WASHINGTON - The businessman arrived at the Treasury Department carrying a suitcase stuffed with about $5.2 million. The bills were decomposing, nearly unrecognizable, and he asked to swap them for a cashier's check. He said the money came from Mexico.

Money like this normally arrives in an armored truck or insured shipping container after a bank burns or a vault floods. It doesn't just show up at the visitor's entrance on a Tuesday morning. But the banking habits of Franz Felhaber had stopped making sense to the government long ago.

For the past few years, authorities say, he and his family have popped in and out of U.S. banks, looking to change about $20 million in buried treasure for clean cash.

The money is always the same — decaying $100 bills from the 1970s and 1980s.

It's the story that keeps changing:


_It was an inheritance.

_Somebody dug up a tree and there it was.

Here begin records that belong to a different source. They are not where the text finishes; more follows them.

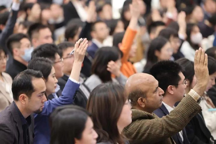 3月7日,外国记者在记者会上提问。新华社记者 刘续 摄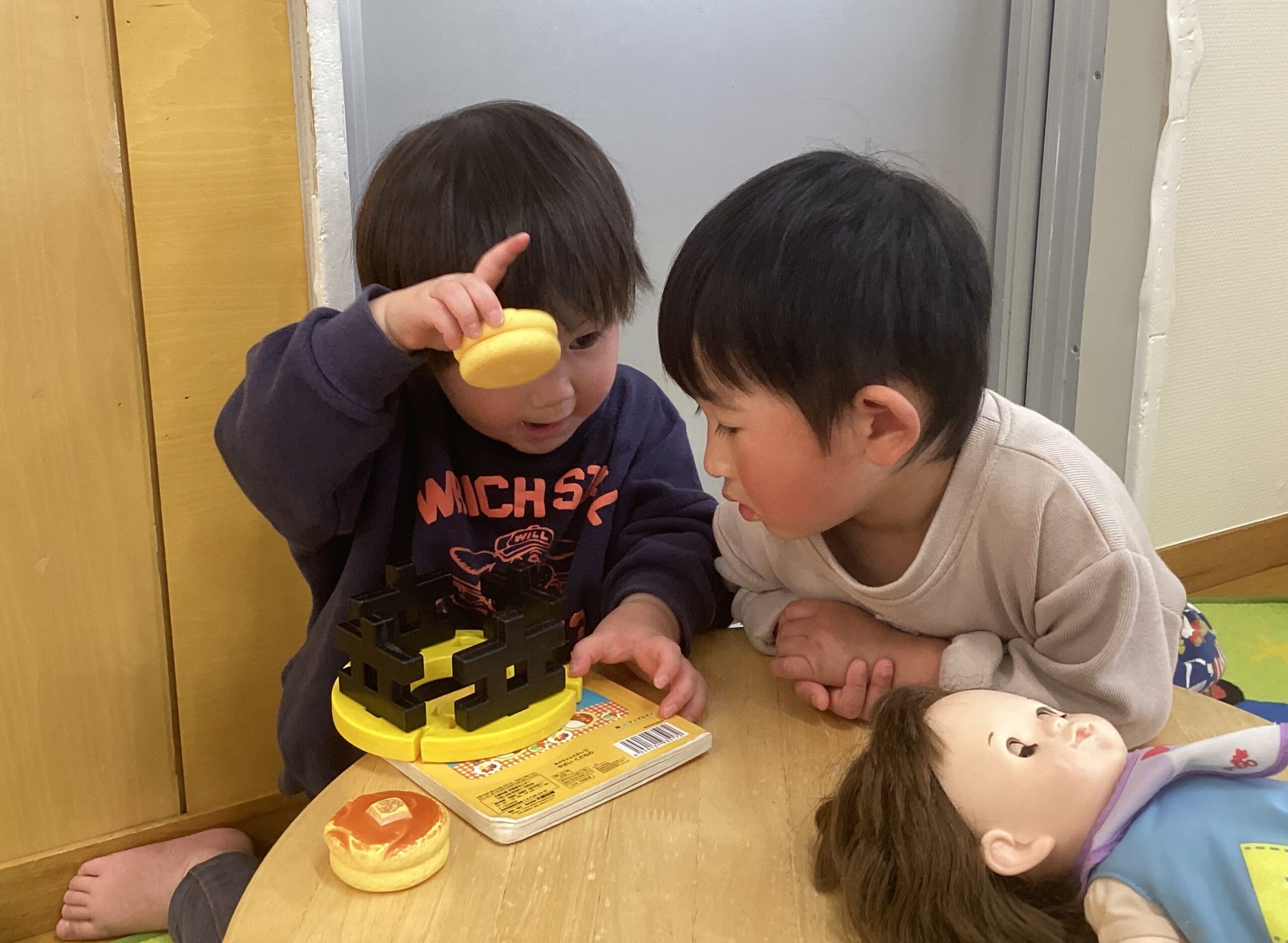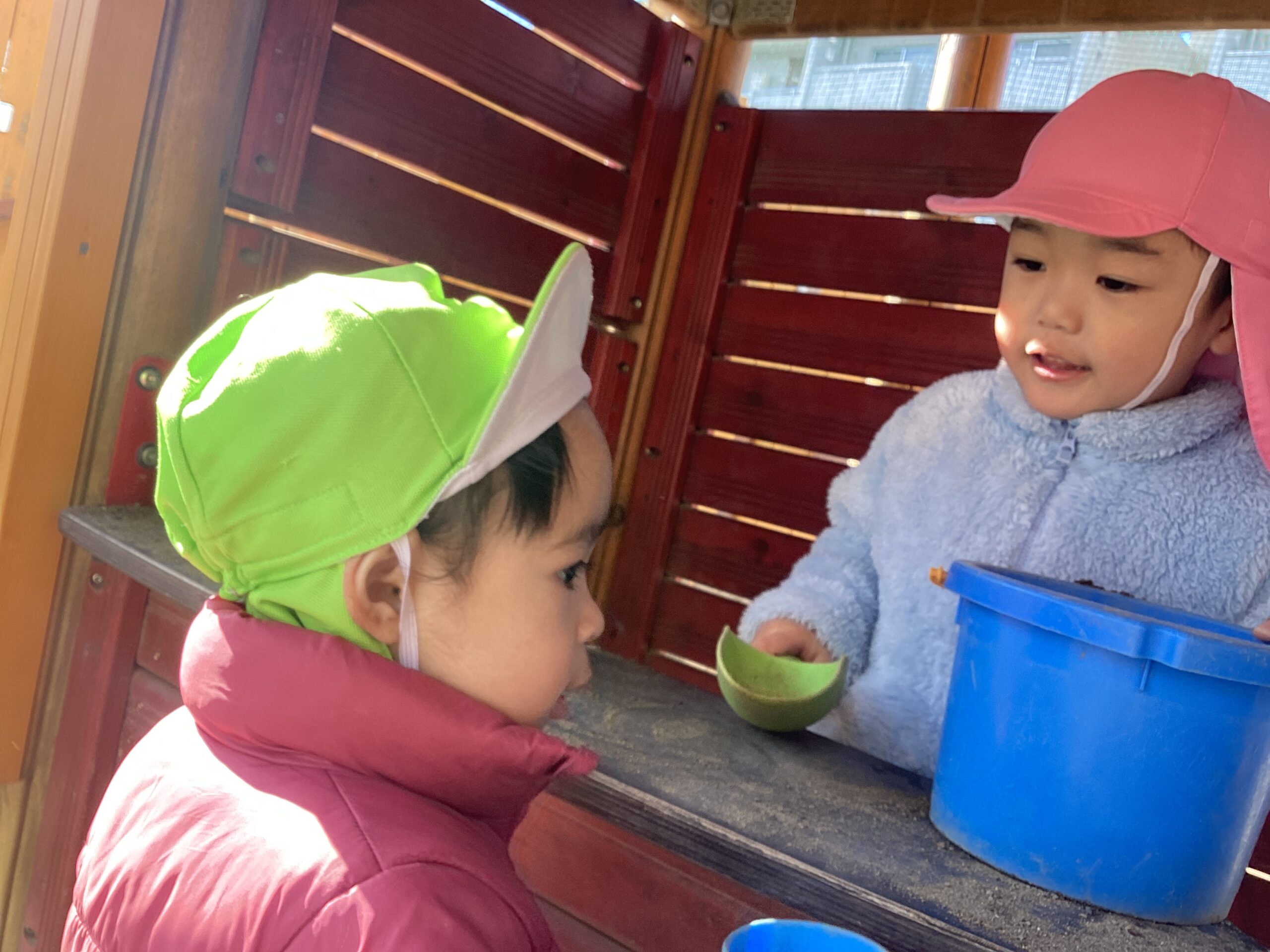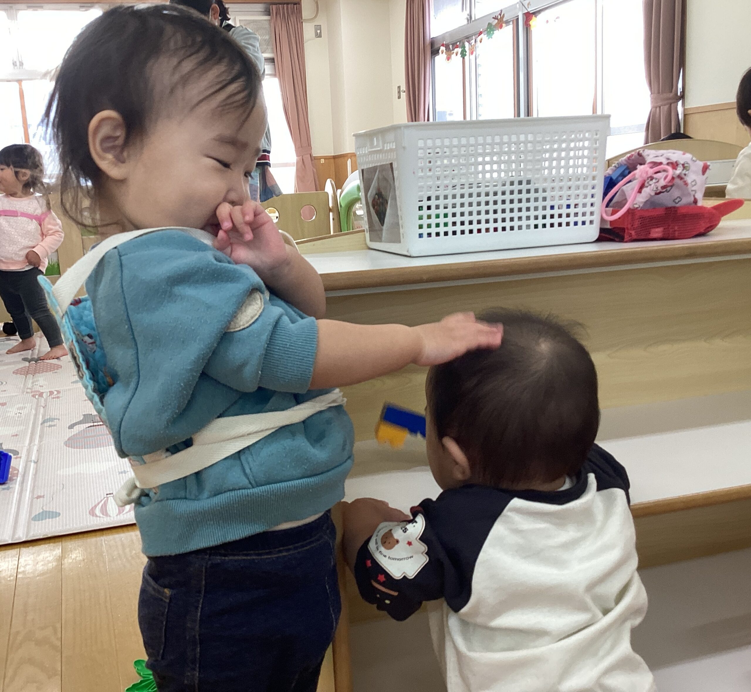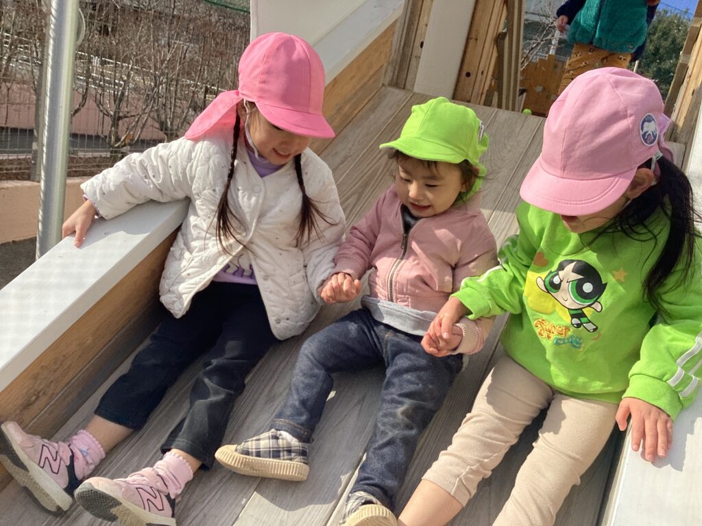様々な年齢の子どもたちと関わりながら、園生活を過ごしています。年上のお兄さんやお姉さんたちに優しく手を引かれて園庭で遊んだり、同じクラスの子とままごと遊びを楽しんだり、小さな赤ちゃんの頬に優しく触れて見たり…人との触れ合いを通して、思いやりの心や憧れの気持ちが育まれていきます。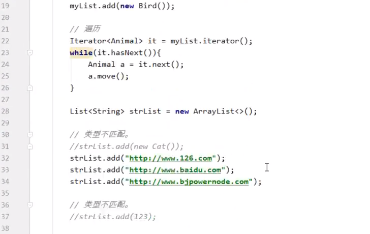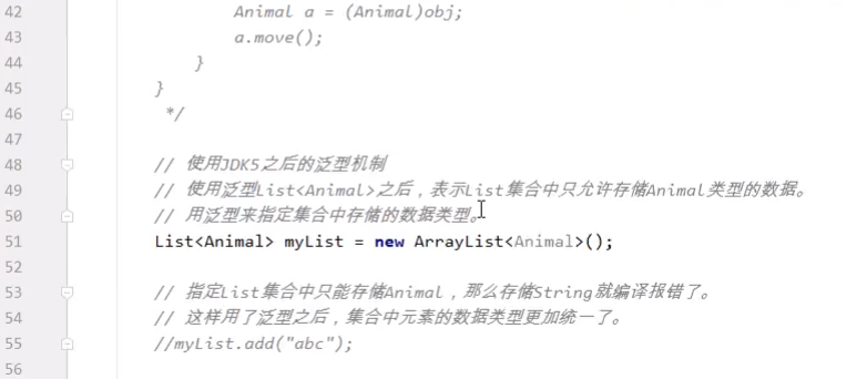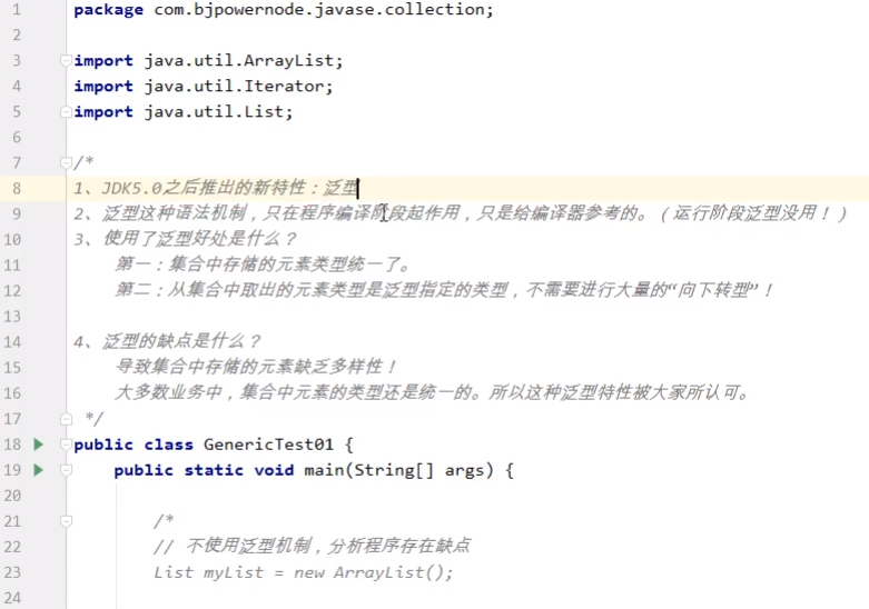 【泛型机制】【泛型的优缺点】【仅在编译阶段起作用】【在new集合时规定集合元素的类型】【在遍历时左边也要有】

_It was found in a suitcase buried in an alfalfa field.

_A relative found a treasure map.

No matter where it came from or who found it, that buried treasure stands to make someone rich.

It could also send someone to jail.

___

Felhaber is a customs broker, a middleman.

His company, F.C. Felhaber & Co., is just minutes away from the bridge between El Paso, Texas, and Ciudad Juarez, Mexico. Tens of billions of dollars of Mexican goods cross that bridge each year, aided by people such as Felhaber who navigate the customs bureaucracy.

Customs brokers don't own the stuff that comes into the United States. They just make sure it gets here.

So it is with the $20 million. Felhaber says the money is not his. A Mexican relative, Francisco Javier Ramos Saenz-Pardo, merely sought help exchanging money that had been buried for decades, Felhaber says.

"To be very clear on this matter: In the beginning, I was not told what it was," Felhaber said in one of several telephone interviews with The Associated Press.

Money petrifies after sitting underground that long and Felhaber said it looked like a brick of adobe. The Treasury will exchange even badly damaged money, but Felhaber said Saenz-Pardo did not want to handle the process himself.

"Imagine a Mexican family bringing money that is damaged and the government calling it a drug deal," Felhaber said.

If the goal were to avoid unwarranted attention, he went about it all wrong. Rather than making a simple — albeit large — exchange at the Treasury, Felhaber allegedly began trying to exchange smaller amounts at El Paso-area banks, raising suspicion every time.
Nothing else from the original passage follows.